In realtà leggendo le notizie raccolte dai carabinieri si scopre che il direttore generale della Juve, in cambio di biglietti e magliette, otteneva piccoli favori da tre-quattro agenti o ispettori (su un totale di oltre 7 mila poliziotti che operano nelle due questure). Per i magistrati è un po' poco per mostrare tanta nettezza nelle conclusioni investigative.
Ma il vero paradosso è la terza informativa, quella che monitora le telefonate di Leonardo Meani, collaboratore del Milan con il ruolo di addetto all'arbitro. Al contrario delle prime due non è un'«informativa di reato a carico» di qualcuno e non contiene le due telefonate per cui Meani è stato indagato.
È quasi un allegato che dovrebbe dimostrare «l'esclusività del potere» moggiano «al quale non corrisponde un contraltare». Insomma la dimostrazione dell'inutilità di Meani. Poi, però, il documento cambia direzione e prende di mira l'amministratore delegato del Milan Adriano Galliani per i rapporti con Meani. Fra le righe spunta la presunta prova di colpevolezza del dirigente rossonero: «Approfitta della telefonata per chiedere a Meani se abbia parlato con i designatori».

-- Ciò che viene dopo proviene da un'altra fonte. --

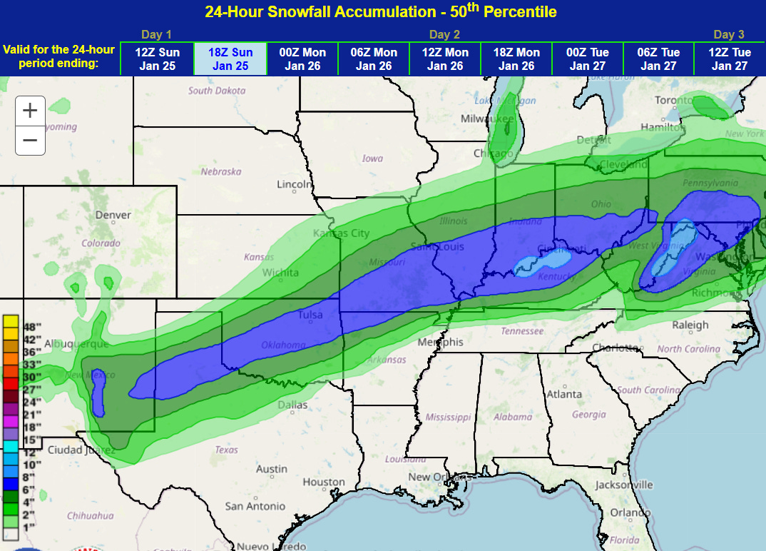 Model trends suggest a shift north in greater ice accumulations for Mid-Atlantic and Ohio Valley, while serious ice storm also still looks on tap for the Mid-South.

Non molto per quello che dovrebbe essere uno dei «burattinai» del calcio italiano. Poi il rapporto sottolinea la preparazione di un incontro riservato tra Galliani e l'arbitro Pierluigi Collina dimenticando di scrivere che quel rendez-vous non c'è mai stato e che i due non si contattano neppure per telefono. Inoltre, sembra che il famoso «dossier» dell'arbitro Gianluca Paparesta non sia altro che una newsletter per la promozione di un carburante ecologico, il biodiesel.
Le divergenze di opinione tra investigatori e pm sono confermate anche nell'elenco dei 41 indagati stilato dalla procura di Napoli: tiene conto solo parzialmente dei 58 nomi a carico dei quali è stata preparata l'«informativa di reato». I pm hanno eliminato dalla lista degli «avvisati» 26 persone che i carabinieri avevano messo nel mirino: dall'avvocato Luigi Chiappero, legale storico della Juventus, al giornalista Tony Damascelli.
Dunque le informative che hanno fatto detonare lo scandalo potrebbero essere il punto debole dell'inchiesta sul calcio. Presto i legali, dato il clima di dissenso con i carabinieri, potrebbero chiedere la trascrizione integrale delle centinaia di migliaia di telefonate che, necessariamente, sono state accantonate dai militari. Con il rischio di paralizzare la fase istruttoria. E c'è chi già scommette che le penalizzazioni davanti alla giustizia sportiva saranno meno eclatanti di quelle pronosticate da certi giornali e tv.